It does, but so does CAT6 if you think about it. Cable installers would be able to do either.
I've had mine installed by a low-voltage installer. Charged me $200 per drop for fiber vs. $150 for CAT6A. However, each Fiber drop has 3x duplex outlets (i.e. 6 strands, 2 for each port), so it's actually cheaper than CAT6 per port. And it's cheaper overall even if you just use 1 of the ports if you run 10Gb over it (10Gb CAT6 transceivers are about $70 more expensive per port pair compared to 10Gb Fiber transceivers).
However, you can just also run pre-terminated OS2 or OM4 fiber with LC-LC connectors as well - those connectors are small enough to pull through walls.

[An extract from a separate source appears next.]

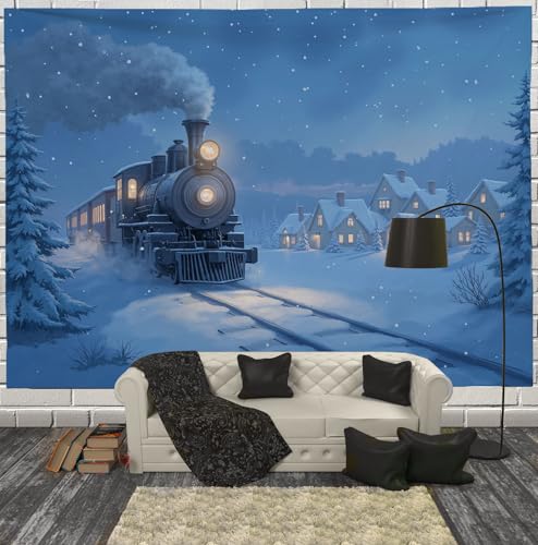 JRISEMECY Tapisserie Murale Train À Vapeur Vintage Tenture La Grande Village D'Hiver Deco Tenture Murale Poster 3D Effet Bleu Foncé Peinture Murales Tissu Estampes Pour Chambre Salon 230X180Cm

Also keep in mind fiber always terminates into a male plug - both custom or pre-terminated. It's not like CAT6 where building cabling terminate into female and loose cables terminate into male. With fiber you plug in the building male end of the cable into the back of a female-female coupler, so that you have a female end facing out to the room where you can plug in another fiber cable. i.e. these:
So there is no specific benefit like there is with custom length CAT6 that terminates into a punchdown block. Of course you can get more exact lengths with custom cabling, but you can just overbuy and then leave a rolled up portion behind the drywall.